### DATA FOR ANALYSIS ###
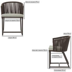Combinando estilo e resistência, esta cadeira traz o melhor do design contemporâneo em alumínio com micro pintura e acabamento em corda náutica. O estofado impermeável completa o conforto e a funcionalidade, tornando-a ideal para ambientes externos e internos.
###
### DATA FOR ANALYSIS ###
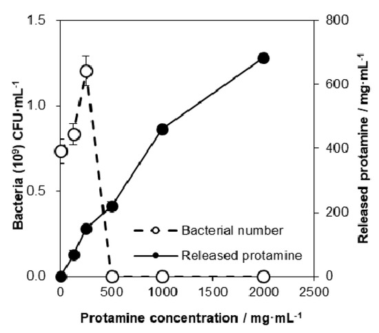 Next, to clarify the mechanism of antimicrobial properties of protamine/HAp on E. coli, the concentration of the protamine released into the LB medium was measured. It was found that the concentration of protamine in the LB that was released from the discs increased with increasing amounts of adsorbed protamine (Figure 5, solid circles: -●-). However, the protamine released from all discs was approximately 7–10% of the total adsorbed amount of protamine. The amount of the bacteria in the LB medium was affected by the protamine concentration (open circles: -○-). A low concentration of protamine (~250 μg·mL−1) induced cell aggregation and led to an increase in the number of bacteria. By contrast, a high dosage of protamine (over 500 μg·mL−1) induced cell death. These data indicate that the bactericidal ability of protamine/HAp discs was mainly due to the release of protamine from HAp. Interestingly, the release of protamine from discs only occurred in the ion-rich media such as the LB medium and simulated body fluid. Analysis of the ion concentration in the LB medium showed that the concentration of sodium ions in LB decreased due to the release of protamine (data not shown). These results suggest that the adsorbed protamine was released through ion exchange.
###
### DATA FOR ANALYSIS ###
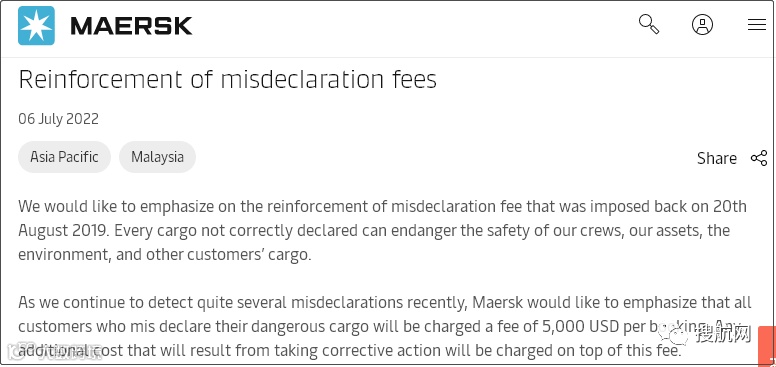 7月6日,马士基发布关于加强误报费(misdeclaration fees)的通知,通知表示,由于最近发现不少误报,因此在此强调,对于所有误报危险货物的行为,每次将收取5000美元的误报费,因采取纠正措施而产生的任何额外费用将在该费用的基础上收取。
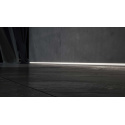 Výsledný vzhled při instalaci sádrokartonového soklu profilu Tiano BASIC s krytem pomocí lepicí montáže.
###
EXERCISE DIRECTIONS: Among the entries above, take the line with "7月6日,马士基发布关于加强", the line with "Výsledný vzhled při", and all the lines between them, and restate them word for word without pictures.

EXERCISE RESPONSE:
 7月6日,马士基发布关于加强误报费(misdeclaration fees)的通知,通知表示,由于最近发现不少误报,因此在此强调,对于所有误报危险货物的行为,每次将收取5000美元的误报费,因采取纠正措施而产生的任何额外费用将在该费用的基础上收取。
 Výsledný vzhled při instalaci sádrokartonového soklu profilu Tiano BASIC s krytem pomocí lepicí montáže.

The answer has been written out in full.